But the same cannot be said of the power under Article 356. It is another matter that in a given case the court may not interfere. It is necessary to affirm that the proclamation under Article 356(1) is not immune from judicial review, though the parameters thereof may vary from an ordinary case of subjective satisfaction.” The aforesaid paragraphs cannot be read in isolation and have to be seen while bearing in mind that learned Judge invalidated dissolution of Assembly of Karnataka and Nagaland. Be that as it may, in the present case, the validity of the impugned notification is not being judged on application of principles available for judging the validity of administrative actions.
Further, para 376 of the opinion of Justice Jeevan Reddy is very instructive and it may be reproduced as under :
“We recognise that judicial process has certain inherent limitations. It is suited more for adjudication of disputes rather than for administering the country. The task of governance is the job of the Executive. The Executive is supposed to know how to administer the country, while the function of the judiciary is limited to ensure that the Government is carried on in accordance with the Constitution and the Laws.
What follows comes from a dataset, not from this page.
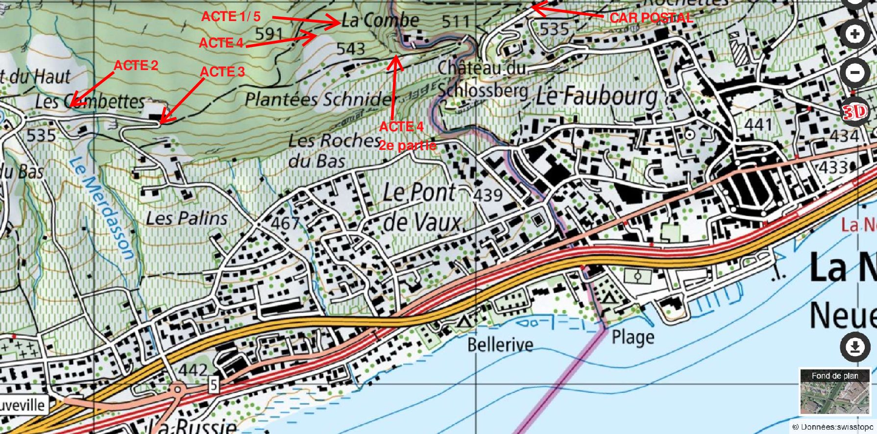 13h00 : bus postal jusqu’à l’arrêt La Neuveville Château (3 min.)
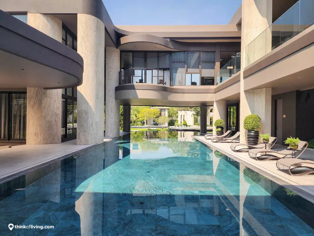 แบบบ้านซีรีส์ “Modern Arch Revival” ดีไซน์ร่วมสมัยผสมผสานระหว่างความ Modern และ Classic ได้อย่างลงตัว ออกแบบรูปทรงกล่อง ผสมเส้นโค้งและสีเอิร์ธโทนของวัสดุจากธรรมชาติ เหมาะกับคนรุ่นใหม่ที่ต้องการความหรูหรา มีเอกลักษณ์แต่ไม่ฉูดฉาด เหมาะกับครอบครัวขนาดใหญ่ รองรับได้ 4–6 ห้องนอน 3–5 ที่จอดรถ และมีแบบบ้านที่ได้ลิฟต์พร้อมสระว่ายน้ำส่วนตัว

Judiciary accords, as it should, due weight to the opinion of the Executive in such matters but that is not to say, it defers to the opinion of Executive altogether. What ultimately determines the scope of judicial review is the facts and circumstances of the given case. A case may be a clear one — like Meghalaya and Karnataka cases — where the court can find unhesitatingly that the proclamation is bad. There may also be cases — like those relating to Madhya Pradesh, Rajasthan and Himachal Pradesh — where the situation is so complex, full of imponderables and a fast-evolving one that the court finds it not a matter which admits of judicial prognosis, that it is a matter which should be left to the judgment of and to be handled by the Executive and may be in the ultimate analysis by the people themselves. The best way of demonstrating what we say is by dealing with the concrete cases before us.
(Emphasis supplied by us) It is evident from the above that what ultimately determines the scope of judicial review is the facts and circumstances of the given case and it is for this reason that the Proclamations in respect of Karnataka and Nagaland were held to be bad and not those relating to Madhya Pradesh, Rajasthan and Himachal Pradesh.
We are not impressed with the argument based on a possible disqualification under Tenth Schedule if the MLAs belonging to LJP party had supported the claim of Nitish Kumar to form the Government. At that stage, it was a wholly extraneous to take into consideration that some of the members would incur the disqualification if they supported a particular party against the professed stand of the political party to which they belong. The intricate question as to whether the case would fall within the permissible category of merger or not could not be taken into consideration. Assuming it did not fall in the permissible arena of merger and the MLAs would earn the risk of disqualification, it is for the MLAs or the appropriate functionary to decide and not for the Governor to assume disqualification and thereby prevent staking of claim by recommending dissolution. It is not necessary for us to examine, for the present purpose, para 4 of the Tenth Schedule dealing with merger and/or deemed merger. In this view the question sought to be raised that there cannot be merger of legislative party without the first merger of the original party is not necessary to be examined. The contention sought to be raised was that even if two-third legislators of LJP legislative party had agreed to merge, in law there cannot be any merger without merger of original party and even in that situation those two-third MLAs would have earned disqualification. Presently, it is not necessary to decide this question. It could not have been gone into by the Governor for recommending dissolution.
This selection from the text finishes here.